Tuesday, July 17, 2007
Bench It Like Beckham
America, if you actually were to begin with, you can stop cheering now -- or at the very least looking on with a modicum of fascination.
Sure you've seen the good looks, the chiseled physique, the designer wardrobe, the rumors of a conversion to Scientology and his almost-lifelike wife, Stepford Spice. And you've no doubt heard about his legendary prowess on the pitch (that's a "soccer field" for you neophytes).
But that was just the excellent work of the starfucking media and a PR/hype machine that's second to none.
Now however, less than a week after his extravagant coming out party -- the one that might eventually rival the mass flagellation sure to greet the returning Christ-child -- the man behind the sequined curtain has made his first appearance.
The real David Beckham has finally arrived.
For the record, I had really hoped that he wouldn't; I had really hoped that this time would be different.
I had really hoped that this time, Beckham wouldn't be such a, well, pussy.

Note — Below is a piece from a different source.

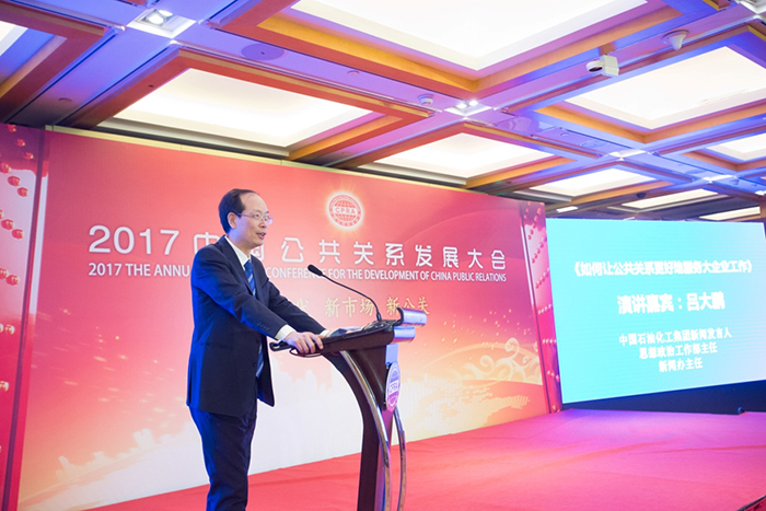 中国石油化工集团新闻发言人、思想政治工作部主任、新闻办主任吕大鹏在演讲中

Yesterday, the coach of Becks's adopted team, the L.A. Galaxy, announced that his shiny new star midfielder was complaining of a sore ankle and therefore might not make his scheduled debut this coming Saturday against London powerhouse Chelsea (who, by the way, is guaranteed to kick the Galaxy's collective ass all over the field with or without Beckham in the lineup).
The game is sold out. It'll be carried live on ESPN. It's the latest, and possible biggest "big chance" for soccer in America -- and Becks may be sitting it out.
Understand, I take nothing away from Beckham's substantial talents: He's far and away the best place kicker in the game -- having an almost supernatural control over the ball -- and on the field he's much more of a team player than anyone would expect from such a high-profile, brand-name star (although I still contend that he wouldn't be the star he is today were it not for Ryan Giggs playing the Pippen to his Jordan all those years at Man United). But it's tough to forget -- and avoid drawing comparisons to present events -- the apparent ease with which he pulled himself out of a crucial match in last year's World Cup.
I'm talking about England vs. Portugal.
Team Captain Beckham complained of an upset stomach and wound up sitting on the sidelines while England went down in flames -- with incorrigible thug Wayne Rooney brutally stomping on fellow Premier Leaguer Ricardo Carvalho and squaring off with his own EPL teammate Christiano Ronaldo, and the Brits eventually losing 3-1 in a heartbreaking penalty kick shootout. Beckham was said to be near tears following the loss, but it was tough to feel sorry for him (the rest of the team was a different story) simply because it seemed almost a given that it should've taken nothing less than a sucking chest wound to keep him out of a game in which the stakes were so high.
And now, once again -- even after an exceptional climax to his career with Réal Madrid -- he's making it clear that he may be ready to opt out of a pivotal match. He cut his first practice with the Galaxy shamefully short yesterday, which seems suspect when you consider that the aforementioned final game with La Liga was almost a month ago to the day.
And that Beckham didn't even arrive in the United States until last Thursday -- which happened to be twelve days into the official start of his contract.
It's pretty much understood that the Galaxy isn't paying for Becks's ability to play as much as for his ability to fill stadium seats; L.A. in general wants "Beckham Inc." more than "Beckham PFA." Still, Beckhamania already may not be enough to bring soccer into the mainstream into the United States -- God knows everything else has failed miserably -- but it surely won't be if the man with the magic feet doesn't put them on the pitch when it counts most.